The park occupies 31 hectares, making it the fourth-largest park in Paris, after the Bois de Boulogne, Bois de Vincennes (of which it forms a considerable part) and Parc de la Villette (35 hectares), but larger than the Tuileries gardens.

Like other city parks of the 1960s and 1970s, the Parc Floral was seen as a form of amusement park, as well as a botanical garden. It features the Delta, a large outdoor concert stage; a restaurant and a cafe; large and small exhibit halls; an art gallery; a large playground, and a miniature railway. It also has a number of modern works of sculpture by Alexander Calder, Alicia Penalba and other artists, placed in different gardens around the park.

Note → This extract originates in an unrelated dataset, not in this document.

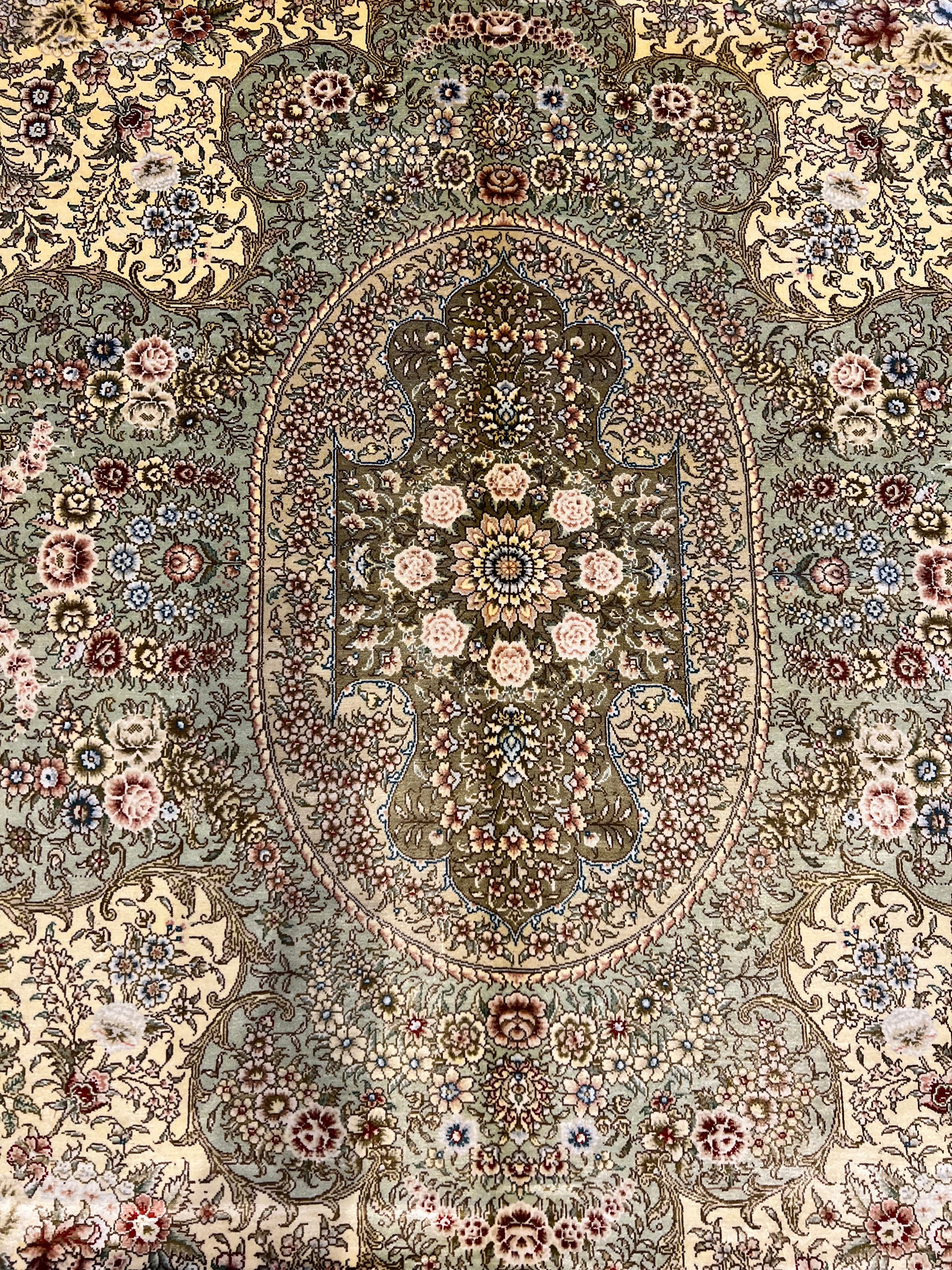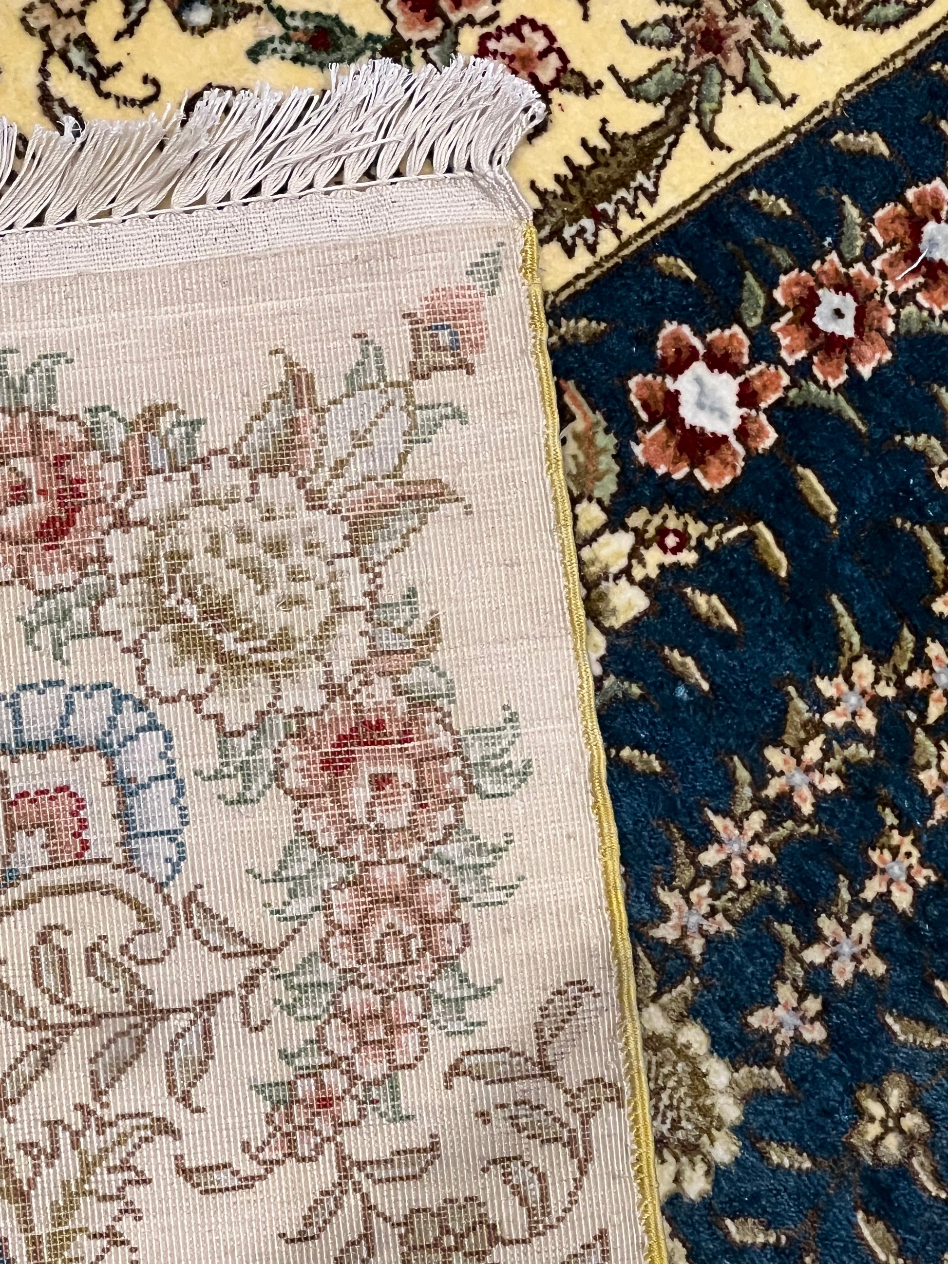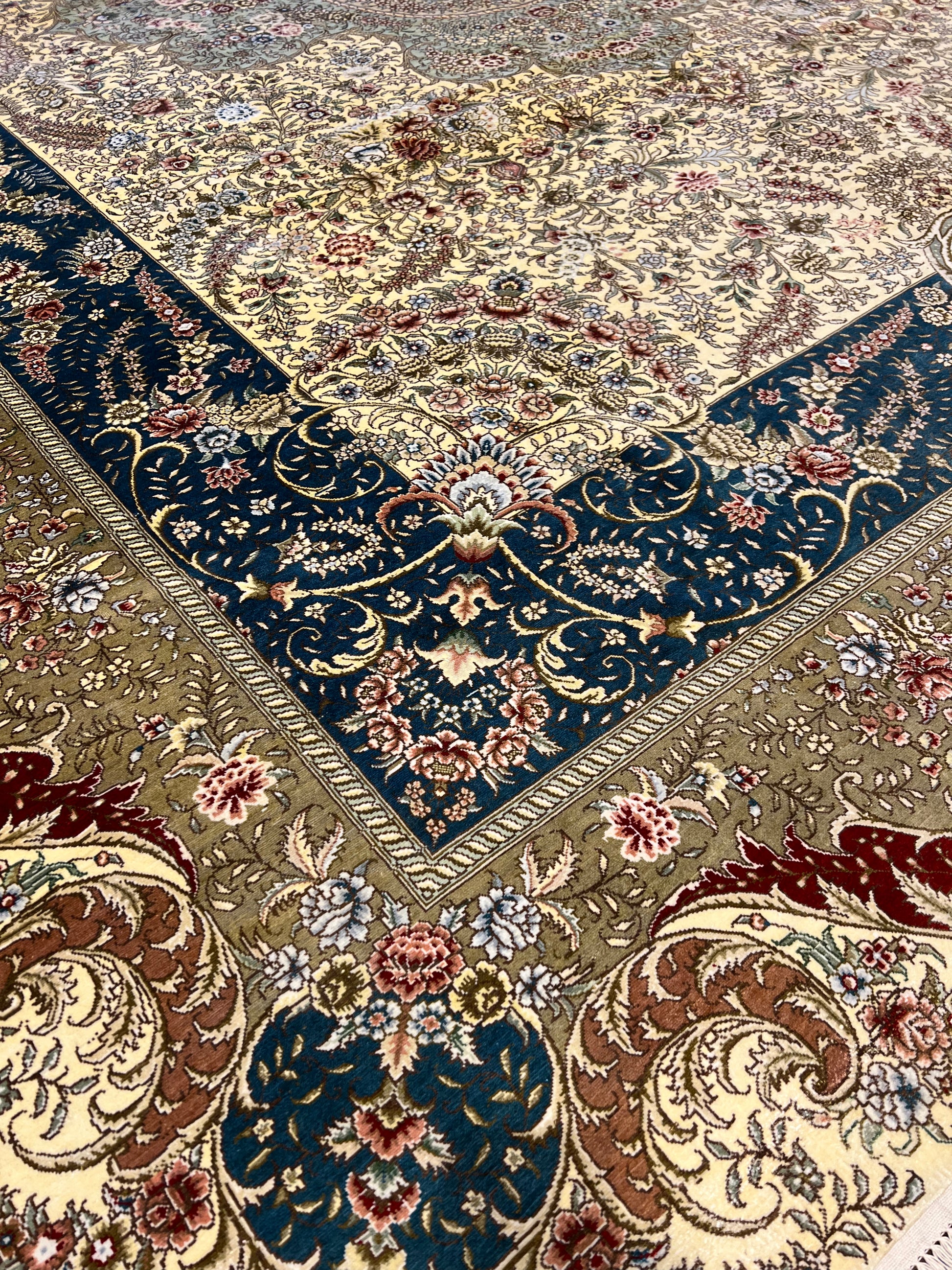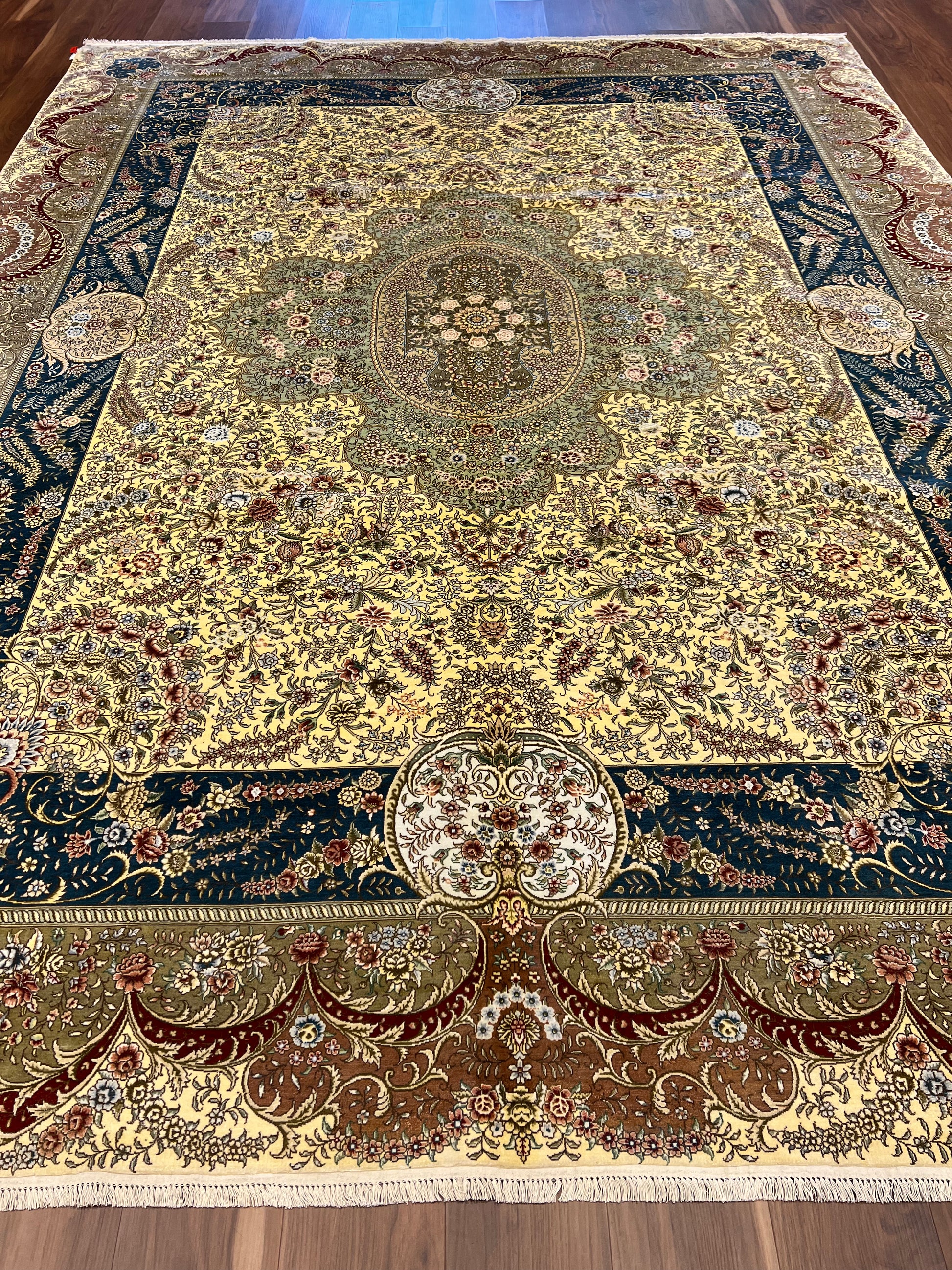This exquisite Tebriz design rug is a symphony of intricate patterns and rich, royal hues. Woven from the finest silk, it offers both luxury and durability. The detailed borders frame a central medallion, complementing the ornate field flourishing with floral motifs. Ideal for lending a classic elegance to any sophisticated interior, this rug's plush texture and reflective gloss embody timeless artistry and craftsmanship.

The park can be entered either from the Château de Vincennes, or from the Route de la Pyramide. Visitors entering from the Chateau de Vincennes pass through a forest of cedars and oaks to arrive at the central element of the composition, the Vallée des Fleurs, or Valley of Flowers. The varieties of flowers in the Valley of flowers are changed each year, according to a chosen theme. The Valley borders a lake, the Miroir d'eau, or water mirror, which is placed near the center of the park, with a modern fountain and series of cascades on one side. There are smaller ponds devoted to lily pads, lotus, and other aquatic plants. The large outdoor concert stage, the Delta, faces and dominates the lake.

Smaller flower gardens are scattered throughout the park; there is a garden to show varieties of the azalea; a large garden showcasing the rhododendron; a garden of ferns; gardens for irises and dahlias; a garden and pavilion for medicinal plants and culinary herbs; a garden for varieties of cactus; a garden of plants from the Mediterranean regions; and a large pavilion for displaying Japanese bonsai plants. There is also one garden, the jardin des Quatres-Saisons (Garden of the seasons) where flowers are in bloom year-round.